Сусликова. Как?… Так и вы едете в Карлсбад?
Марья Алексеевна. Нет, в Карлсбаде мы будем только проездом. Да, если правду сказать, что там и делать?… Эти карлсбадские воды сделались так пошлы! Ну, право, по мне, все равно, что наш Липецк, что этот Карлсбад; и если б мне нужно было лечиться водами, так уж, конечно, я охотнее поехала бы на Кавказ.
Сусликова. Ах, что вы, Марья Алексеевна, помилуйте!
Марья Алексеевна. Право!.. Там, по крайней мере, другая природа, другой мир; а что такое Карлсбад? Ну, скажите сами: кто не был в этом Карлсбаде?… Да знаете ли, что в Петербурге поездка в Карлсбад не считается даже путешествием за границу?
Сусликова (с приметной досадой). Ну, нет, Марья Алексеевна, извините! Ведь съездить в Карлсбад не то, что съездить в Воронеж или Пензу.
Марья Алексеевна. Почти то же.
Сусликова (вспыхнув). Да позвольте спросить: вы-то куда изволите ехать?
Марья Алексеевна. Разумеется, сначала в Германию, на берега Рейна; там в Швейцарию; оттуда в Верхнюю Италию - на Лаго-Маджиоре, в Венецию… О, там мы непременно будем! Потом на зиму в Рим, а будущей весною…
Сусликова. Назад в Россию?
Марья Алексеевна. О, нет!.. Стоит ли того, чтоб ехать на один год за границу! Из Италии мы проедем в Париж…
Сусликова (у которой начинается истерика). Вот что!.. И долго там проживете?
Марья Алексеевна. До самой зимы.
Сусликова. А потом?
Марья Алексеевна. Опять в Италию: сначала в Неаполь, а там, может быть, проедем в Палермо… Представьте себе, Авдотья Никифоровна, в то время как вы будете здесь жить по уши в снегу, мы станем прогуливаться под тенью померанцевых деревьев… Ах, ma chere amie!.. Уж то-то я вам порасскажу, когда мы воротимся…
Сусликова (с злобной улыбкой). Покорнейше вас благодарю!.. А мы послушаем, если доживем до этого.
Марья Алексеевна. И, полноте, что вы?… Мы года через три непременно вернемся.
Сусликова. Через три года!.. Ну, помогай вам бог, Марья Алексеевна!.. Прожить три года за границею - не безделица!
Марья Алексеевна. Да, конечно, иным нельзя и году прожить за границею, но с таким состоянием, как наше…

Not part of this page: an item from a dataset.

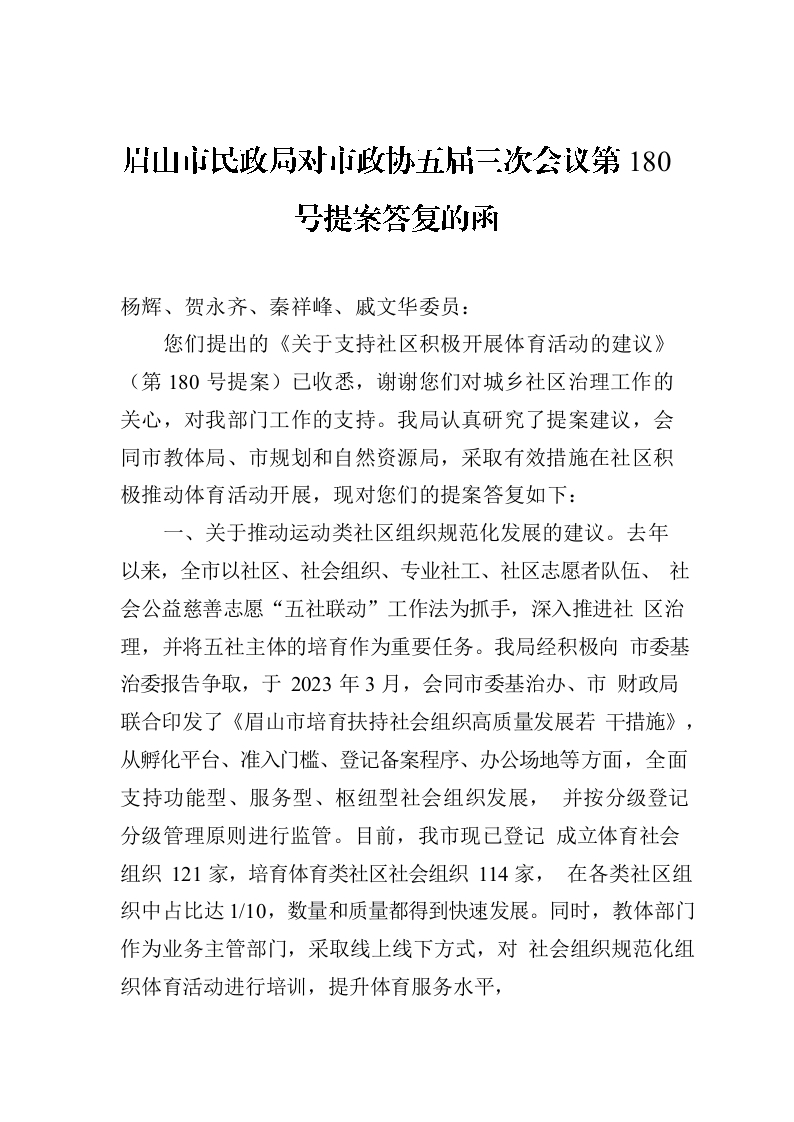 / 眉山市民政局对市政协五届三次会议第180号提案答复的函

Сусликова. Разумеется… Вам бросить пятьдесят и даже сто тысяч - ничего не значит.
Марья Алексеевна. Ну, этого сказать нельзя… Впрочем, конечно, пятьдесят и даже сто тысяч нас не разорят.
(Минутное молчание. И хозяйка и гостья не говорят ни слова, но в их глазах можно легко прочесть, что они думают следующее.)
Сусликова. Как эта дура чванится!.. Хвастунья этакая!
Марья Алексеевна. Что, голубушка, - много взяла со своим Карлсбадом?…
Сусликова (вставая). Прощайте, Марья Алексеевна!
Марья Алексеевна (также вставая). Что это вы, Авдотья Никифоровна, куда так торопитесь?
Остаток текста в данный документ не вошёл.